The container daemon expects the configuration file at [`/etc/container/config.toml`](https://github.com/apple/container/blob/main//etc/container/config.toml). This path contains the TOML definitions for all system properties including kernel, network, and build settings. The file follows the schema documented in [`docs/container-system-config.md`](https://github.com/apple/container/blob/main/docs/container-system-config.md) within the repository.

### What happens if the kernel binary is missing at runtime?

When the daemon starts with a `binaryPath` pointing to a non-existent file, it automatically downloads the archive specified by the `url` field, extracts the contents, and locates the kernel binary within the extracted directory. This ensures that fresh installations or updates can bootstrap the required kernel without manual intervention.

### How do I specify a custom kernel version for testing?

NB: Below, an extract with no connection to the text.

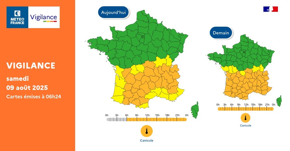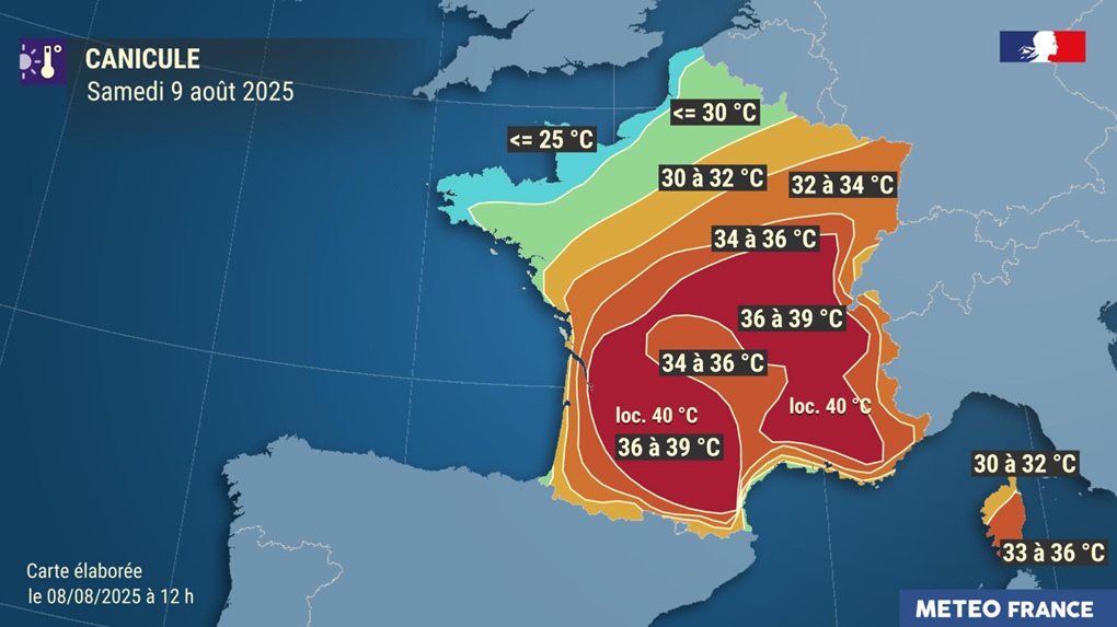 Na atlantskoj obali temperature se u subotu malo mijenjaju, ali u ostatku zemlje rastu – često između 36 i 39 °C, od istoka Nove Akvitanije do Rhône-Alpa, preko Okcitanije, unutrašnjosti Provanse, doline Auvergnea pa sve do zapada Burgundije i juga središnjeg dijela zemlje. Lokalno se očekuje do 40 °C.

Create a custom `[kernel]` section in your [`config.toml`](https://github.com/apple/container/blob/main/config.toml) with the `binaryPath` pointing to your test kernel location inside the archive structure and the `url` pointing to your custom archive. Alternatively, programmatically construct a `KernelConfig` instance with your custom paths and pass it to the `ContainerSystemConfig` initializer, keeping other configuration sections unchanged.

### Are configuration changes applied immediately or require a restart?

The configuration is immutable after decoding and loaded at daemon startup. Changes to [`config.toml`](https://github.com/apple/container/blob/main/config.toml) require a restart of the container daemon to take effect. This immutability guarantee ensures thread-safe access to configuration values throughout the system lifecycle.